Review · Other Supplements

TheyaVue

Underdosed antioxidants wrapped in a premium price tag. The 60-day refund is real, but you're paying $131 for a formula that undercuts the one clinically proven eye-health blend.

Verdict Skeptical 4.2/10
TheyaVue review evidence and wellness context
Reviewed evidence Claims, dose transparency, refund path, and ingredient plausibility checked.

Skeptic read

Skeptical4.2/10

Underdosed antioxidants wrapped in a premium price tag. The 60-day refund is real, but you're paying $131 for a formula that undercuts the one clinically proven eye-health blend.

Price checked
$131
Dose visibility
Better than average: key doses are disclosed enough to compare
Main risk
Vitamin C (60mg) is 8% of the AREDS2 dose; Vitamin E (15mg) is 5%; Zinc (15mg) is 19% — this is not a clinically supported macular degeneration formula
Better use case
Someone who wants a single bottle to test within the refund window and will return it if they don't notice a subjective benefit
Skip if
You have diagnosed macular degeneration or are at high risk — stick to the AREDS2 formula, which has actual clinical backing
Evidence file
1 source attached

What TheyaVue is, in one sentence.

A one-month supply of eye-health capsules containing lutein, zeaxanthin, and a handful of underdosed antioxidants, sold for $131 through ClickBank with a 60-day refund window.

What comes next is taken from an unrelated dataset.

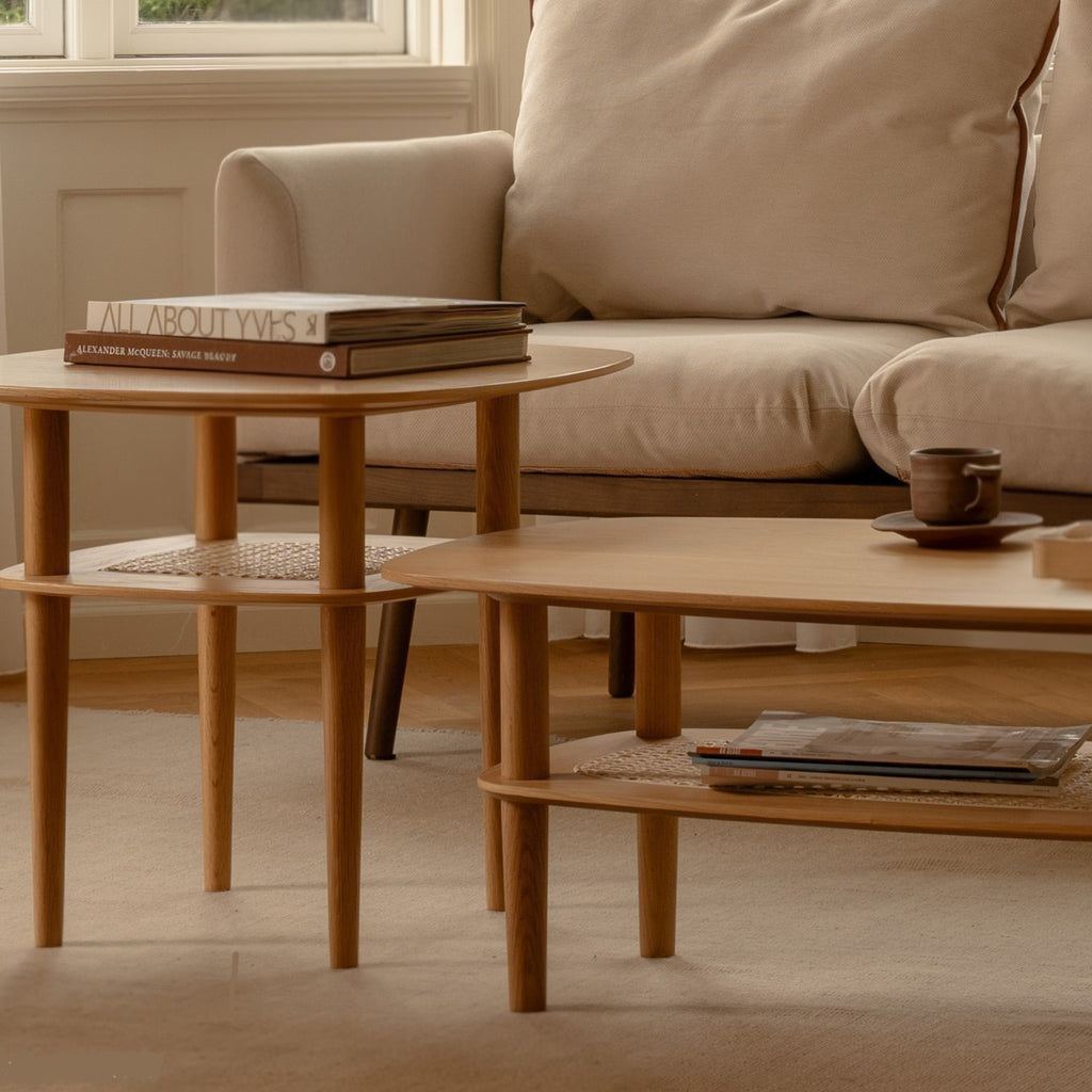 Rooted in the essence of Scandinavian living, the Together side table combines timeless design with everyday functionality. With its refined oak frame, airy Venetian cane shelf, and softly rounded corners, it brings warmth, elegance, and a welcoming presence to any space - from compact apartments to spacious lounges.

The marketing frames it as a breakthrough vision-restoration formula for a 50+ audience. The ingredient label tells a different story: it’s a generic antioxidant blend with two well-dosed carotenoids and a lot of filler. The mismatch between the sales page urgency and the actual clinical support is the single most important thing to understand before you hand over $131.

What you actually get

Five things, realistically:

  • One bottle (30-day supply). 60 capsules, taken twice daily. The label lists lutein (20mg), zeaxanthin (4mg), bilberry extract (100mg), vitamin C (60mg), vitamin E (15mg), zinc (15mg), copper (1mg), quercetin (100mg), and rutin (100mg). No proprietary blend hiding — each dose is listed, which is a point in its favor.
  • Access to any digital bonuses. The checkout page may offer a free guide or e-book. These are typically low-effort PDFs with general eye-care tips. Expect nothing you couldn’t find on WebMD.
  • 60-day ClickBank refund window. This is the real safety net. You can use the entire bottle and still get your money back if you email ClickBank inside 60 days. The vendor doesn’t process the refund, so they can’t slow-walk you.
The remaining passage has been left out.